A stunning collection of glassware created circa 1926 by Andries Dirk Copier.
Photo: Courtesy of the Wolfsonian-FIU

The Beauty of Dutch Design at Miami’s Wolfsonian Museum

The must-see exhibit follows design in the Netherlands from 1890 to 1940, tracing the development of Nieuwe Kunst, the Amsterdam School, and De Stijl. 

Indonesian batik was introduced in the 19th century by Dutch and English traders. Photo: Courtesy of the Wolfsonian-FIU

At the Wolfsonian-FIU Museum’s “Modern Dutch Design” exhibition, the elevator door rolls open to reveal an elaborately carved yet graceful oak-and-brass door from a home in Amsterdam circa 1900. It’s the welcome to a strikingly pretty show at the Miami Beach design institution that runs through June 11. The thorough exhibition traces the Netherlands’ outsize role in design in the fifty-year period from 1890 through Germany’s invasion of the nation in 1940—a particularly fertile period for artistic innovation.
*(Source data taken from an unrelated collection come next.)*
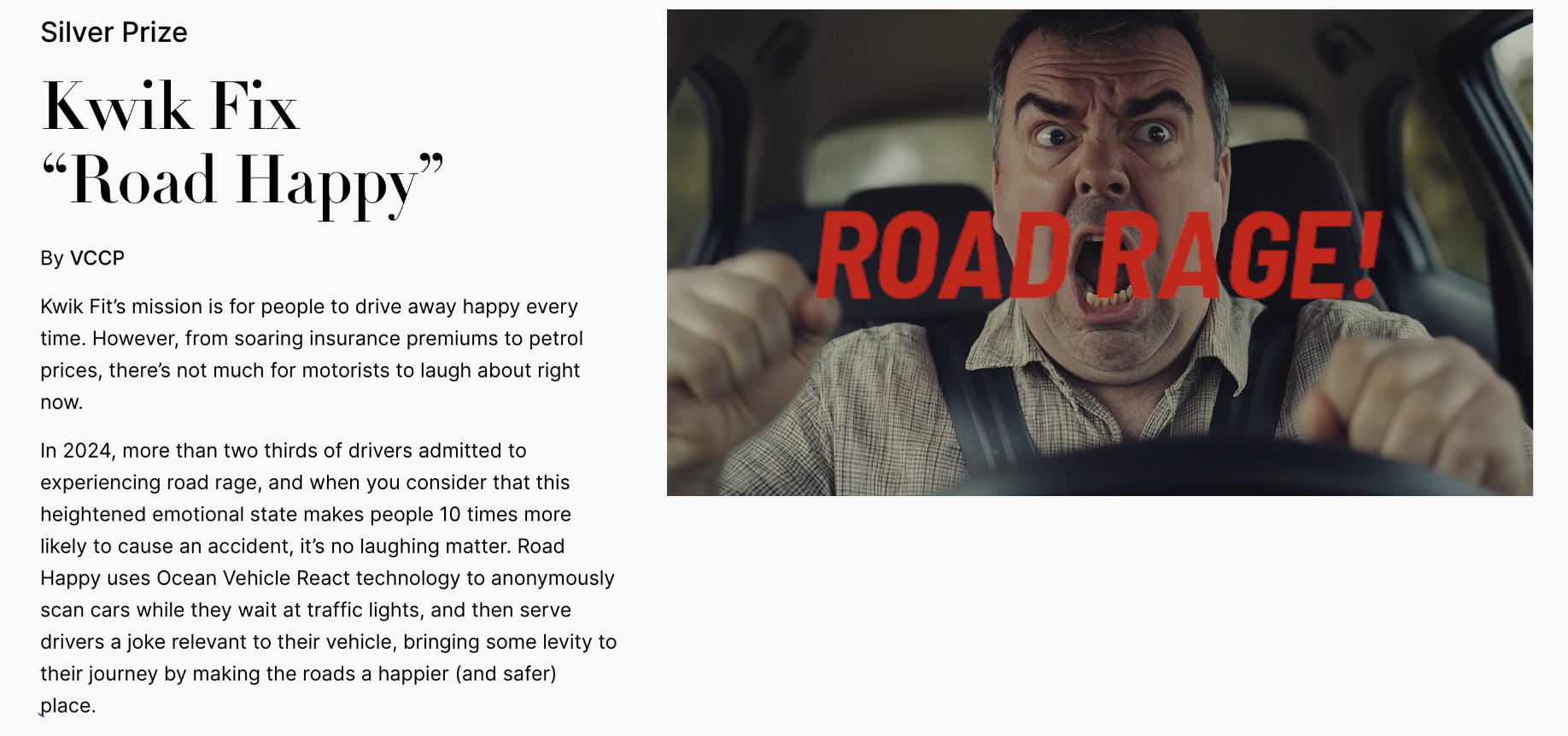 FFS. We picked up silver again. First Lovehoney. Then again for Kwik Fit, when we tried to cheer up angry drivers with jokes tailored to the car they were driving. Not sure if we've fixed road rage, but we did get to write some dad jokes.
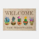 Ce tapis de portes personnalisées et coloré présente cinq cactus collage art en pot et de succulents plantes sur un arrière - plan en papier beige imitation Kraft. Le mot "Bienvenue" apparaît en lettres majuscules brunes esquissées en haut. Ajoutez le nom de votre famille ou d'autres textes ci-dessous dans le type marron correspondant.
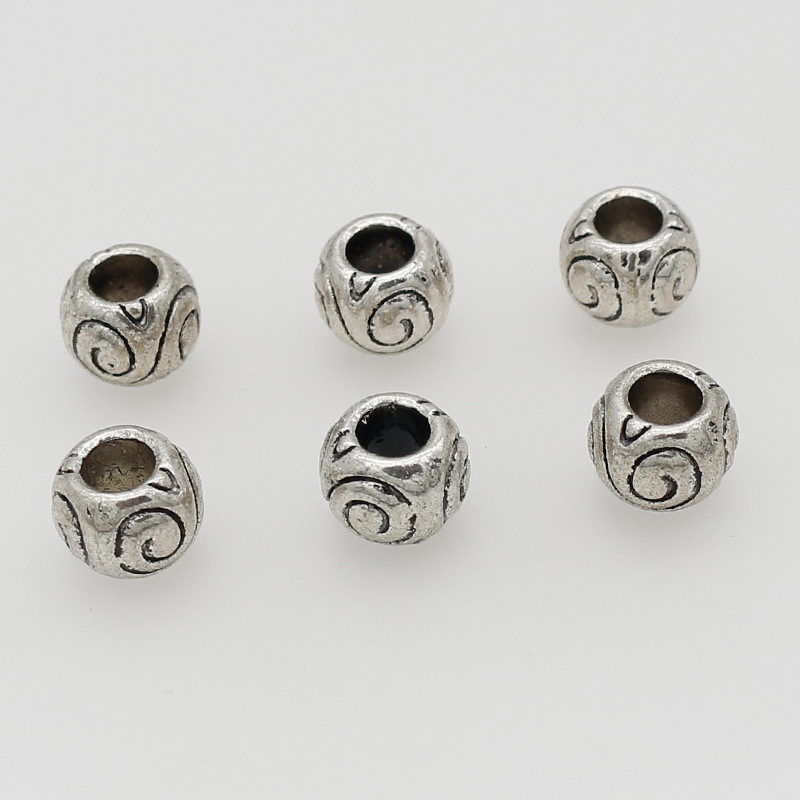 Perles intercalaires en alliage de zinc, Placage de couleur argentée, DIY, 9x7mm, Diamètre intérieur:Environ 5mm, 100PC/sac, Vendu par sac
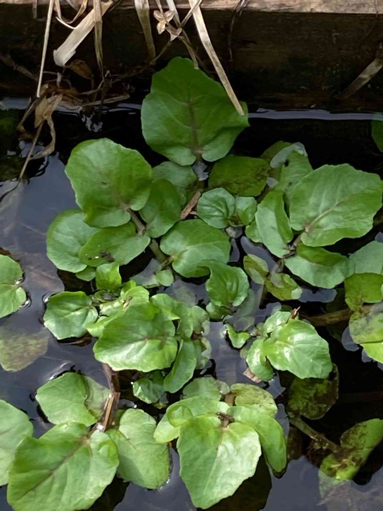 初夏に菖蒲が咲くエリアに美味しそうな葉っぱがいっぱい❣️Google先生によるとオランダ辛子、初めて見る植物?って思ったけど、クレソンのことでした。

The exhibit follows three distinct movements: the Nieuwe Kunst (literally, “new art,” a stylized local interpretation of art nouveau), the Amsterdam School (an architecture movement marked by rounded brick buildings and decorative masonry, and De Stijl, the minimalist utopian design style founded by Theo von Doesburg and Piet Mondrian. It also sheds light on how the Dutch history of trading and colonization brought global influences to its design—Indonesia’s impact on Dutch textiles being just one example.

A stunning collection of glassware created in circa 1926 by Andries Dirk Copier. Photo: Courtesy of the Wolfsonian Museum

Most the material on view is from the museum’s own collection. “It’s astonishing,” says Wolfsonian curator Silvia Barisione, “that Miami Beach should be the home of so much influential Dutch design.” So much so that the Netherlands’ Stedlijk museum has even asked for loans from the collection. The Wolfsonian (now affiliated with Florida International University) was founded by Miami collector Mitchell “Micky” Wolfson Jr. who acquired much of the Dutch material in the 1980s and ’90s.

A chair designed by Hendrik Petrus Berlage in 1895 for the guest room of the P. van Vlissingen residence in Helmond. Photo: Courtesy of the Wolfsonian-FIU

The varied collection, including furnishings, books, posters, and other ephemera, reveals an interesting dichotomy during the design period, notes Barisione: Left-leaning artists were commissioned to create luxurious objects like lamps, clocks and fireplaces by patrons, but also put thought and energy into simple design and housing options for the worker. The show even features labor-union recruitment posters alongside ones for luxury travel on KLM airlines or on the Holland America cruise line.

Barisione notes that the Dutch “believed artists should transform daily life by redesigning the environment.”

“Modern Dutch Design” runs through June 11 at the Wolfsonian–FIU, Miami.

Cover: A stunning collection of glassware created circa 1926 by Andries Dirk Copier.